Domingo E, Angel J, Alvarez A, Anivarro I, Soler-Soler J
Hospital General Vall d'Hebron, Universitat Autonoma Bellaterra, Barcelona, Spain.
Cathet Cardiovasc Diagn. 1987 Nov-Dec;13(6):381-90. doi: 10.1002/ccd.1810130604.
To analyze the behavior of aortic valve gradient (AVG) after ventricular extrasystole (VE), we studied 36 pure valvular aortic stenoses (AS) free of coronary artery disease and obstructive hypertrophic cardiomyopathy, in whom basal (B) (74 +/- 32 mm Hg) and catheter-induced post-VE (110 +/- 50 mm Hg) AVG were obtained. In all 26 cases with valve area less than 0.70 cm2, the post-VE AVG was greater than or equal to 70 mm Hg. In 19 cases AVG after two or more consecutive VE were also obtained. Maximal post-VE AVG was obtained after multiple VE (19 cases) and/or after one VE causing a post-VE pause equal or longer than 1.7 basal cardiac cycles (post-VE RR greater than or equal to 1.7 B RR) (9 cases). Basal and postsingle VE AVG, up to a post-VE RR greater than or equal to 1.7 B RR, were a linear function of previous RR (r greater than or equal to 0.90), regression line slope increasing with AS severity (P = .05). Inotropic state measured by PEP/LVET only increased after multiple VE, P less than .01. AVG after multiple VE was independent of post-VE RR. Thus, 1) post-VE potentiation of AVG may be seen with fixed valvular AS without obstructive cardiomyopathy; 2) post-VE AVG is a function of compensatory pause after single VE and of increased inotropism after multiple VE; 3) analysis of maximal post-VE AVG generated as described is reliable and useful for assessing AS severity (post-VE AVG greater than or equal to 70 mm Hg meaning an aortic valve area less than 0.70 cm2) and may supplement valve area calculations.

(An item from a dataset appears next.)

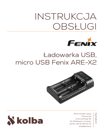 INSTRUKCJA OBSŁUGI Ładowarka USB, micro USB Fenix ARE-X2 Matuszczak Limanowskiego 65 42-506 Będzin-Grodziec tel/fax +48 32 265 22 00 [email protected] Dystrybutor PPHU KOLBA Łukasz 2 Cechy czerwony, a następnie na zielony, jeżeli proces • Ładowarka na 2 akumulatory ogniwa Li-ion 10440, 14500, 16340, 18650, 26650 oraz ni-mh AA, AAA • Ładowanie prądem stałym ładowania się zakończy. • Po zakończeniu ładowania należy wyjąć baterie i odłączyć zasilanie. • Dwa niezależne kanały ładowania • Dwa wskaźniki LED pokazujące aktualny stan naładowania ogniwa Uwagi • Ładowanie innych akumulatorów prowadzi do uszkodzenia ogniw, wycieku elektrolitu lub wybu- Specyfikacja techniczna • Wejście: 100-240 V (AC), 50/60 Hz, 200 mA (max) 12-24 V (DC), 1000 mA (max) • Wymiary: 115 mm × 63 mm × 30 mm (dł. × szer. × wys.) • Waga: 96 g (bez baterii) • Środowisko pracy: wilgotność (temp.) 5% (0ºC) – 90% (40ºC) chu, co stanowi zagrożenie zdrowia i życia. • Należy stosować urządzenie we wskazanych powyżej warunkach i wyłączać zasilanie po skończonej pracy. • Należy prawidłowo wkładać baterie do ładowarki. • Nie należy demontować elementów ładowarki, modyfikować jej, ani używać w celach innych niż ładowanie akumulatorów. • Temperatura przechowywania: -20ºC – 80ºC • Trzymać z dala od dzieci. Dzieci mogą korzystać Zabezpieczenia • Nigdy nie ładować baterii jednorazowych. z urządzenia jedynie w obecności osoby dorosłej. • Zabezpieczenie przed zwarciem • Zabezpieczenie przed zbyt wysokim napięciem • Zabezpieczenie przed niewłaściwą polaryzacją • Zabezpieczenie przed przeładowaniem Diody LED Diody LED informują o stanie naładowania akumulatora. Instrukcja użytkowania Umieść ogniwo zgodnie z polaryzacją. Podłącz kabel zasilania do gniazda USB. Ładowarka sprawdzi stan naładowania baterii, czego sygnalizacją będzie odpowiedni poziom diód. Jeżeli akumulator nie zostanie włożony lub jeżeli będzie on uszkodzonya, żadna dioda nie będzie się świecić. W takim przypadku należy wyjąć akumulator z ładowarki. Uwaga! • Nie wolno podpinać ładowarki jednocześnie do gniazda sieciowego i samochodowego. • Po sprawdzeniu stanu naładowania akumulatora, ładowarka automatycznie rozpocznie proces ładowania. Dioda LED zaświeci się na kolor 3 KARTA GWARANCYJNA Nazwa towaru Typ Ładowarka USB, micro USB Fenix ARE–X2 Numer fabryczny Data sprzedaży Pieczątka i podpis punktu sprzedaży Data przyjęcia Data wydania Opis usterki Pieczęć serwisu 4 WARUNKI GWARANCJI 1. Sprawne urządzenie nie podlega wymianie. 2. Ujawnione w okresie gwarancji wady będą usuwane bezpłatnie w terminie 21 dni roboczych od daty zgłoszenia reklamacji. 3. W przypadku, gdy naprawa wymaga importu części zamiennych z zagranicy termin naprawy może ulec wydłużeniu. przekraczającej zakres normalnych czynności eksploatacyjnych. 7. Gwarancji nie podlegają części obudowy i akcesoria podlegające normalnemu zużyciu w czasie eksploatacji jak zarysowanie, zabrudzenie trudne do usunięcia, wytarcie napisów itp. 8. Gwarancja nie obejmuje materiałów eksploatacyjnych. 4. Niniejszą gwarancją są objęte usterki spowo- 9. Karta gwarancyjna jest ważna po okazaniu dowo- dowane wadliwymi częściami i/lub defektami du zakupu, jeżeli jest ostemplowana przez sprze- produkcyjnymi. dawcę, posiada czytelnie i poprawnie wypełnione 5. Nabywcy przysługuje prawo wymiany sprzętu na nowy, jeżeli w okresie gwarancji upoważniony zakład stwierdzi, że usunięcie wady nie jest możliwe wszystkie rubryki bez zmian i skreśleń. 10.Reklamujący jest zobowiązany dostarczyć urządzenie do punktu sprzedaży. lub zostaną dokonane cztery naprawy przez upo- 11. Ewentualny koszt nieuzasadnionych roszczeń wy- ważniony punkt naprawczy, a sprzęt będzie nadal nikających z warunków gwarancji oraz testowania wykazywał wady uniemożliwiające używanie go zgodnie z przeznaczeniem. 6. N abywc a traci uprawnienia gwarancy jne ponosi Nabywca. 12.W celu przyspieszenia realizacji naprawy gwarancyjnej należy wraz z reklamowanym towarem w przypadku: dostarczyć dokładny opis usterki uwzględniają- • mechanicznego lub termicznego uszkodze- cy w szczególności jej zewnętrzne objawy oraz nia sprzętu, • niewłaściwej eksploat acji (niezgodnej z instrukcją) • n i ew ł a ś c i we g o p r ze c h ow y w a n i a l u b transportowania, • uszkodzeń spowodowanych przez wypad- DOKŁADNY ADRES ZWROTNY wraz z TELEFONEM KONTAKTOWYM. 13.Ewentualne spory związane z realizacją obowiązków gwarancyjnych będą rozstrzygane przez sąd właściwy dla siedziby PPHU Kolba. 14. Zakup urządzenia objętego niniejszą gwarancją jest ki losowe (pożar, wyładowania atmosferycz- równoznaczne z przyjęciem poniższych warunków. ne, zalanie, działanie środków chemicznych 15.Gwarancja na sprzedany towar konsumpcyjny nie oraz okoliczności i sił wyższego rzedu itp.), wyłącza, nie ogranicza, ani nie zawiesza upraw- samowolnej ingerencji nabywcy oraz innych nień kupującego wynikających z niezgodności to- nieuprawnionych osób we wnętrze produktu waru z umową. OŚWIADCZAM, ŻE ZAPOZNAŁEM SIĘ I AKCEPTUJĘ WARUNKI NINIEJSZEJ GWARANCJI _____________________________________________________________________________________________________ PODPIS I DATA PUNKT SERWISU GWARANCYJNEGO I POGWARANCYJNEGO PPHU Kolba udziela niniejszej gwarancji na okres 24 miesięcy licząc od daty sprzedaży. PPHU Kolba Matuszczak Łukasz ul. Limanowskiego 65; 42-506 Będzin-Grodziec tel/fax 32 265 22 00 wew. 24 www.kolba.pl [email protected]

为分析室性期前收缩(VE)后主动脉瓣压差(AVG)的变化情况,我们研究了36例无冠状动脉疾病及梗阻性肥厚型心肌病的单纯瓣膜性主动脉狭窄(AS)患者,记录了其基础状态(B)下(74±32mmHg)及导管诱发VE后的AVG(110±50mmHg)。在所有26例瓣膜面积小于0.70cm²的患者中,VE后AVG大于或等于70mmHg。在19例患者中还记录了连续两次或更多次VE后的AVG。多次VE后(19例)和/或一次VE后出现VE后间歇等于或长于1.7个基础心动周期(VE后RR大于或等于1.7B RR)(9例)时可获得最大VE后AVG。基础状态及单次VE后AVG,直至VE后RR大于或等于1.7B RR,均与前RR呈线性关系(r大于或等于0.90),回归线斜率随AS严重程度增加(P = 0.05)。仅在多次VE后,通过PEP/LVET测量的心肌收缩状态增加,P<0.01。多次VE后的AVG与VE后RR无关。因此,1)在无梗阻性心肌病的固定瓣膜性AS患者中可出现VE后AVG增强;2)VE后AVG是单次VE后代偿间歇及多次VE后心肌收缩力增强的函数;3)按上述方法产生的最大VE后AVG分析对于评估AS严重程度可靠且有用(VE后AVG大于或等于70mmHg意味着主动脉瓣面积小于0.70cm²),可补充瓣膜面积计算。